Worthwhile Reading
This summer I’ve been doing an internship with the Saint Paul Area Council of Churches as part of the Peace Studies major at CSB/SJU. My primary responsibility has been to create a blogging site as a part of their revamping effort for their website (the main website, linked above, has not yet changed to the new website design the blog mimics). The council’s executive director, Patricia Lull, posted as her inaugural blog post a pledge regarding what she’ll be posting on the site. This is a pledge I feel that I should try and hold to myself for my posts to this blog. You’ll see in the comment I left on her post my feeling that all bloggers should hold themselves to some form of this pledge. From Patricia’s post:
Before I hit “post”, I’ll step back and ponder whether my words deserve your time as readers. If I reckon they do not, I’ll pause and “hold that thought” until it matures into something more fully formed.

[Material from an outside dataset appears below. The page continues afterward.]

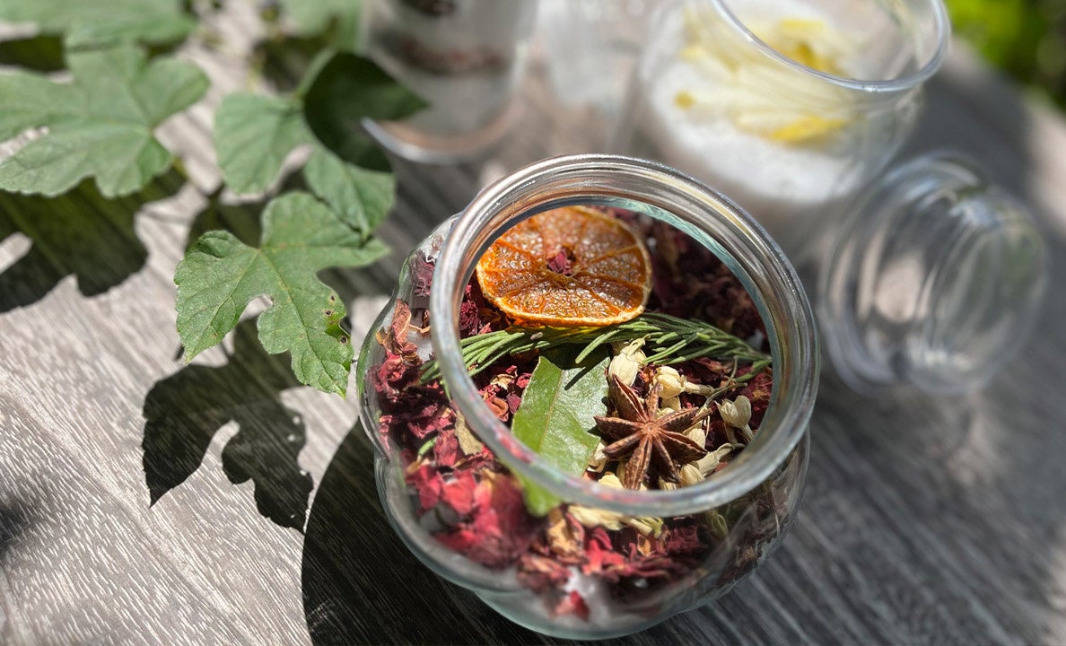 良い香りは気を巡らせます。お塩とハーブ(生薬)や季節のお花を組み合わせて、オリジナルのモイストポプリをつくります。デコレーション次第で、見た目も可愛くお洒落につくることも。花茶を味わいながら、香りの効能もお伝えします。自分に合った自然な香りに癒されましょう。バスソルトとしても楽しめます!

Patricia further holds anyone who chooses to comment on her posts to the same pledge:
And if you comment on something I’ve written I’ll receive your words with similar integrity, imagining that you, too, have thought well about what you want to say through this exchange.
Though every post I put here may not have quite that level of integrity (and it is a given that posts written even half a decade ago weren’t held to this), I hope that most of my blog posts do match this at least 80%. Hey, at least it is a good excuse for how little I’ve posted here, save for academic work during the semesters, recently.
In a nutshell, I hope that what is posted here ends up being worthwhile for you to have read, and that if you choose to comment on any post that what you add to the discussion is worthwhile for both me and other readers to read. Us humans don’t have that long on this Earth in retrospect, so all we do, including what we read, ought to be worthwhile.